Blueprint America: Beyond the Motor City, a new documentary directed by critically-acclaimed filmmaker Aaron Woolf (King Corn), examines how Detroit, a grim symbol of America’s diminished status in the world, may come to represent the future of transportation and progress in America. The film debuts nationally on PBS on February 8 at 10 pm (check local listings).
Narrated by Blueprint America correspondent Miles O’Brien, the 90-minute documentary asks whether it is time to fundamentally change the way Detroiters — and by extension all Americans — get around. Detroit is the crucible in which the nation’s ability to move toward a modern 21st century transportation infrastructure is put to the test. The documentary shows how investments in the past — beginning with the construction of canals in the 18th century — profoundly shaped Detroit’s physical layout, population growth and economic development. Before being dubbed the Motor City, Detroit was once home to the nation’s most extensive streetcar system. In fact, it was that vast network of streetcars that carried workers to the area’s many car factories.
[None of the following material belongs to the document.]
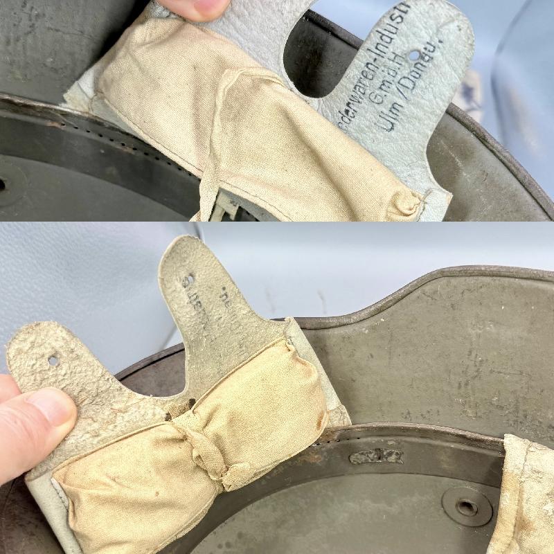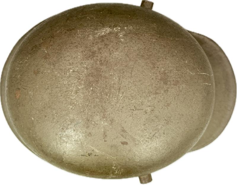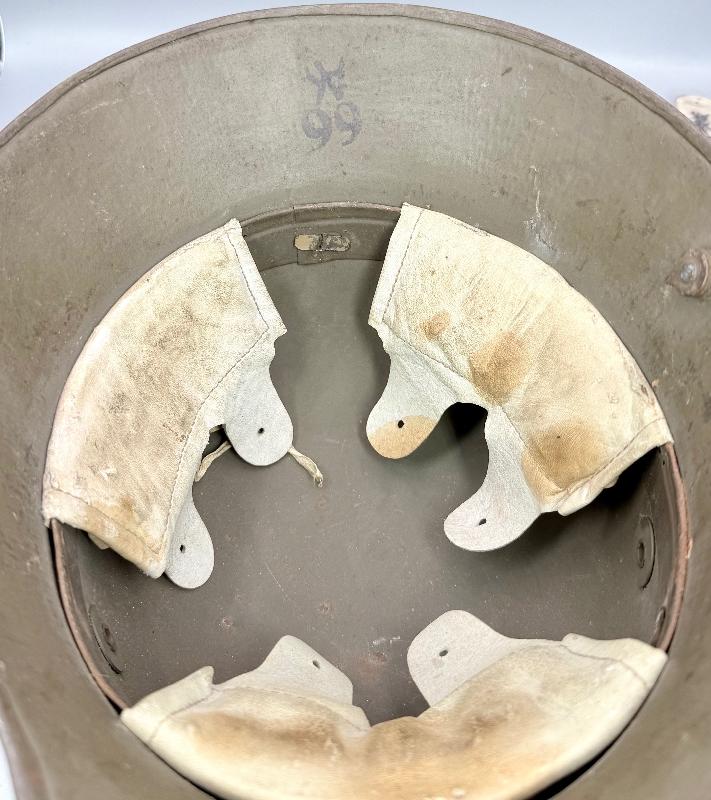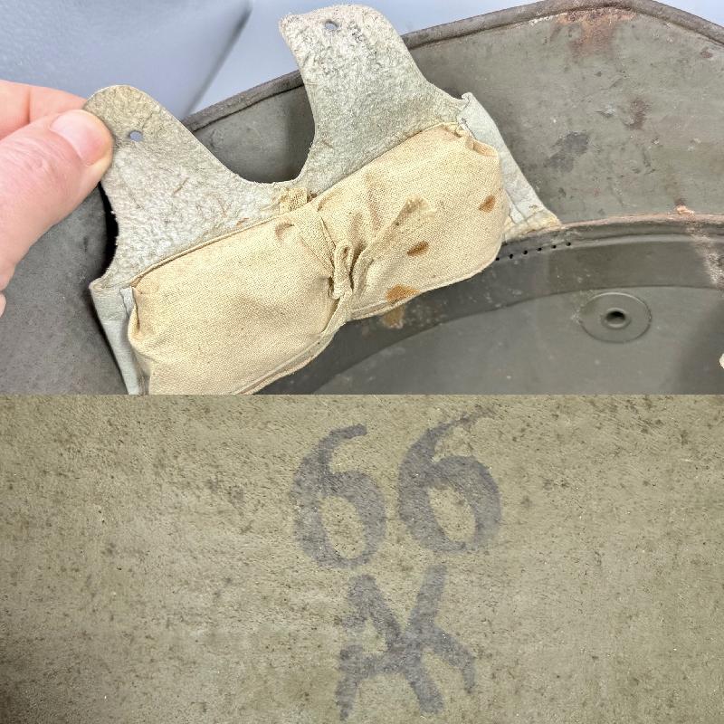 Casque complet avec sa coiffe en cuir blanc montée sur cerclage métallique typique des fabrication fin de guerre. Il est en très bel état, avec une belle peinture feldgrau, la coiffe est en excellent état; celle-ci possède 2 coussins de crin (il en manque un, voir photos). Bien marqué AK et taille 66.

And it was the cars made in those factories that would soon displace the streetcars in Detroit — and in every major American city.
Detroit’s engineers went on to design the nation’s first urban freeways and inspired much of America’s 20th century transportation infrastructure system — from traffic signals to gas stations — that became the envy of the word.
But over the last 30 years, much of the world has moved on, choosing faster, cleaner, more modern transportation and leaving America — and Detroit — behind. Viewers are taken on a journey beyond Detroit’s blighted urban landscape to Spain, home to one of the world’s most modern and extensive transit systems; to California, where voters recently said yes to America’s first high speed rail system; and to Washington, where Congress will soon decide whether to finally push America’s transportation into the 21st century.